▼
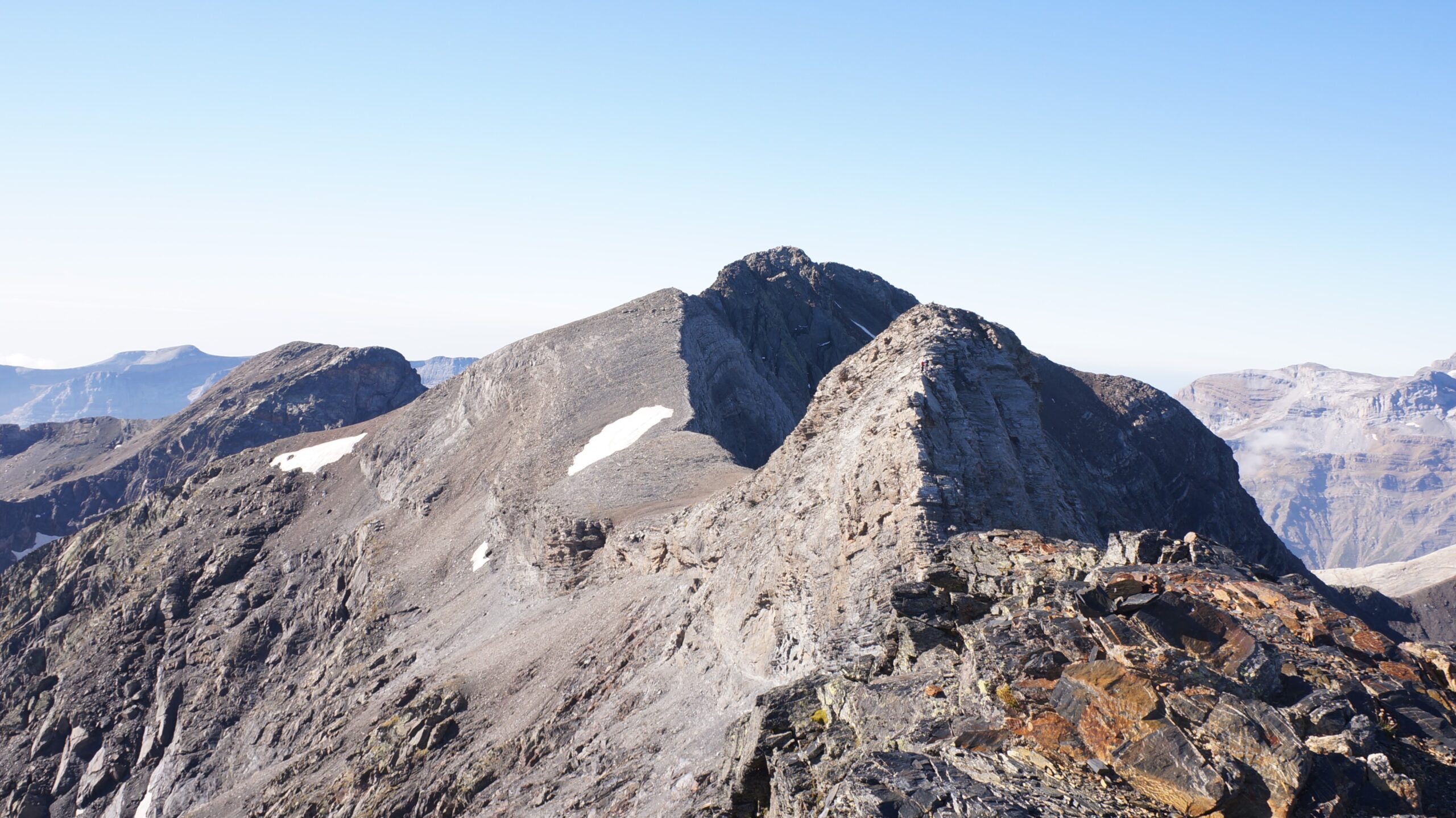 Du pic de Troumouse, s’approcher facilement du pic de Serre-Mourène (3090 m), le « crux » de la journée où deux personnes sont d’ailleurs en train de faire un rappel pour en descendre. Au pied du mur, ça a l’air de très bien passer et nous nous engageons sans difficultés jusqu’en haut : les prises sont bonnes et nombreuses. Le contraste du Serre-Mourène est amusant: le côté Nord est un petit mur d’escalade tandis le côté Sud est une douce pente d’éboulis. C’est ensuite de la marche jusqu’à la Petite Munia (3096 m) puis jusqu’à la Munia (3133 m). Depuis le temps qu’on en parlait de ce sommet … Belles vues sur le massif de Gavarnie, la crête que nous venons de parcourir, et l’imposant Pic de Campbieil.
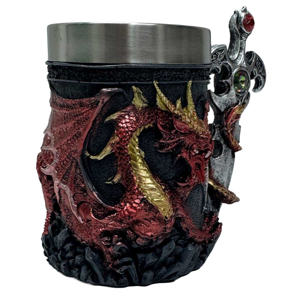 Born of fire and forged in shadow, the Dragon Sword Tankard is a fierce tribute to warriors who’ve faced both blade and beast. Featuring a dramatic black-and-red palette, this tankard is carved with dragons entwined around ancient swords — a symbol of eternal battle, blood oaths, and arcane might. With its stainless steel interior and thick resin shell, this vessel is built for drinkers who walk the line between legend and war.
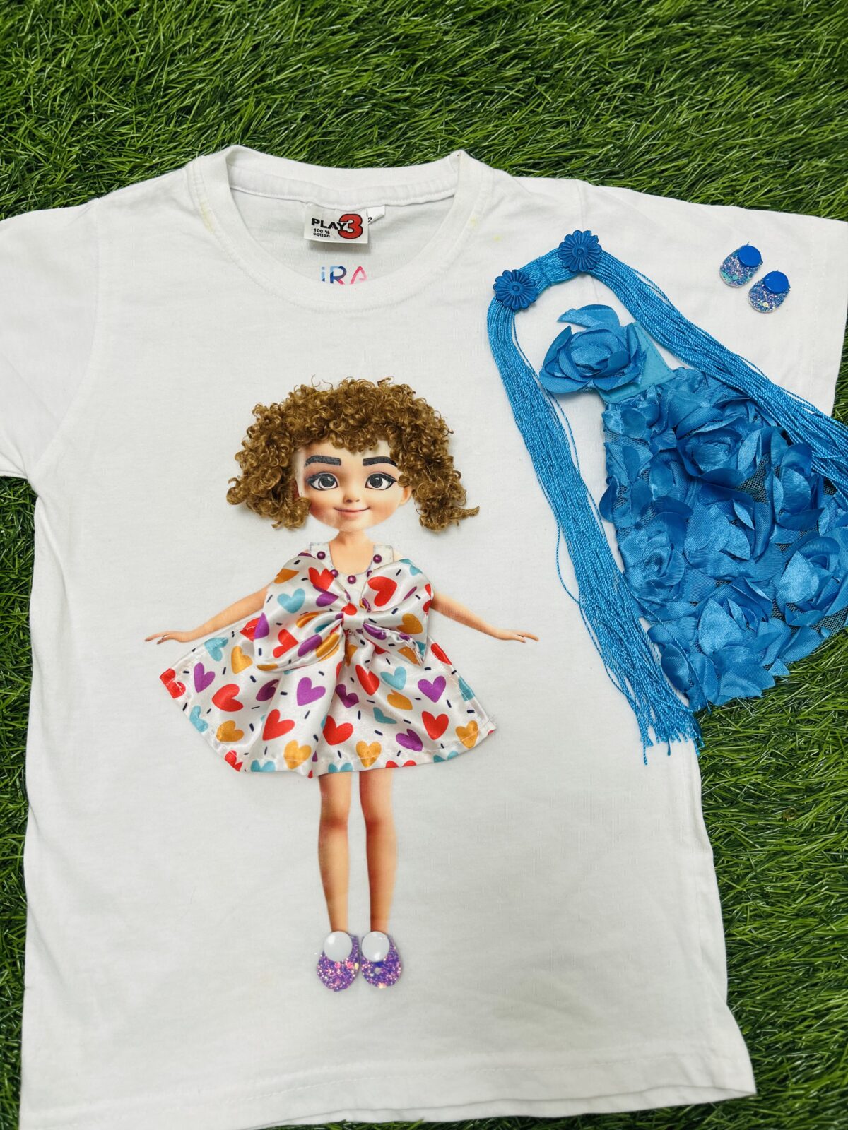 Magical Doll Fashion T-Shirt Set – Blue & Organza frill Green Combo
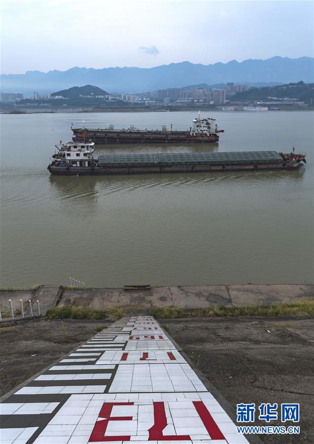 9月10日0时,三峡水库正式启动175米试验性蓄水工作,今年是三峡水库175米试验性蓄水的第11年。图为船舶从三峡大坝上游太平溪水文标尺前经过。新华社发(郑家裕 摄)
▲
▼
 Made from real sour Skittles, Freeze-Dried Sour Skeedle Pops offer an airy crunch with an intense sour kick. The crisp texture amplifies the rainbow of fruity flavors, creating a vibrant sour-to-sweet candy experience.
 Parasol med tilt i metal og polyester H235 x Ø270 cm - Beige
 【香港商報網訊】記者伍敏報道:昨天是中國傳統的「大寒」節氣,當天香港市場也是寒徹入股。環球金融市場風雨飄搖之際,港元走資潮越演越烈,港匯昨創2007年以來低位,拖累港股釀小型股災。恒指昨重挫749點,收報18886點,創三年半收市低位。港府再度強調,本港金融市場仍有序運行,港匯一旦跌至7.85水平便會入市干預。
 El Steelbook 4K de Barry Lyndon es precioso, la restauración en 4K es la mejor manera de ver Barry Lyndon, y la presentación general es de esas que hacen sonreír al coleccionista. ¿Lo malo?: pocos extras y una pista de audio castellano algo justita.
▲
• Task requirements:
Copy the lines above exactly, starting with the line that contains "Magical Doll Fashion" and ending with the line that contains "9月10日0时,三峡水库正式", and leave out any pictures.

• Answer box:
 Magical Doll Fashion T-Shirt Set – Blue & Organza frill Green Combo
 9月10日0时,三峡水库正式启动175米试验性蓄水工作,今年是三峡水库175米试验性蓄水的第11年。图为船舶从三峡大坝上游太平溪水文标尺前经过。新华社发(郑家裕 摄)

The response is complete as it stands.